The man suddenly flushed scarlet, “Terribly sorry for oversharing. I don’t tend to socialise much anymore. Think my conversational finesse has waned somewhat.” 

“Don’t worry about it. I tend to be a bit of a loner myself,” Sasha reassured him. She flinched as the boisterous dogs charged past, spraying her with water. 

“I am sorry; my Ruby appears to be an appalling influence on your dog. He normally looks so well behaved.” 

“Normally?” Sasha asked, confused. 

The man blushed again, “We tend to walk early to avoid the crowds. You’ve usually beaten us here; I can see your daffodil wellies from a fair distance. I like my own space and you seemed perfectly content with your own company. So Ruby and I started varying our routes.” 

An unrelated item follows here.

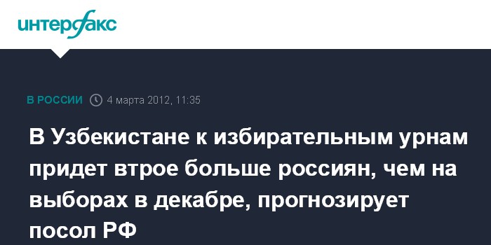 В Узбекистане к избирательным урнам придет втрое больше россиян, чем на выборах в декабре, прогнозирует посол РФ
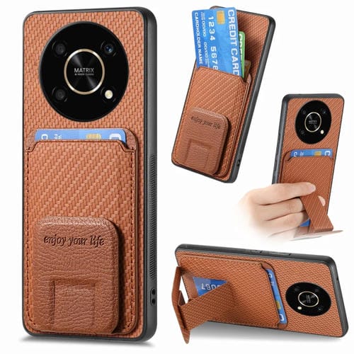 Funda para Honor Magic4 5G con Soporte Plegable y Bolsa para Tarjetas de Fibra de Carbono (Marrón)

“You shouldn’t have let me keep you off this beautiful beach – its public property!” Sasha was mortified that she had inadvertently been keeping this widow away from a place she found so healing. 

“It’s fine, a bit of variety is good for the grey matter. Not your usual time to be here though?” 

“I’m receiving an award later and I’m pretty nervous about it. I wanted to calm myself before setting off,” Sasha admitted. 

The man’s face brightened, “That’s you? The lady receiving the award for all she’s done for the local environment that I saw in the paper?” 

Sasha nodded. 

“Congratulations. You took something as soul destroying as bereavement and used it to make the world a better place. You’re a very strong woman. I just about manage to get up and walk Ruby. You should be proud of yourself.” 

Sasha was astounded. She hadn’t felt strong, she had just picked up litter. “I just thought I’d tidy up as I walked. It’s no big deal,” she mumbled. 

“Nonsense, don’t talk yourself down. Enjoy receiving your award. This four-legged whirlwind and I will get out of your way.” 

Sasha realised she was still holding the hat, “Is this yours?” 

“It is, thanks for rescuing it. I’m Geoff and you’ve met Ruby.” 

“Sasha, and this is Benji,” she gestured down. Benji was giving her an imploring look. Trying something new if he found some litter had served her very well before. Did a hat count as litter? Judging by the look on Benji’s face he certainly seemed to think so. 

“Would you like to join Benji and I for one of our morning walks?” Geoff seemed momentarily taken aback. 

“That’s very kind. If you’re sure we won’t be intruding?” 

“Not at all. It even means I have an extra pair of hands to carry the litter bag!” Sasha joked. “I look forward to it.” 

“Here tomorrow at seven?” Sasha asked. We will be there!” 

Geoff ambled off after a bouncing Ruby, Billy’s new friend. Sasha watched them go. Maybe Benji’s latest find would also lead to a friendship for her too.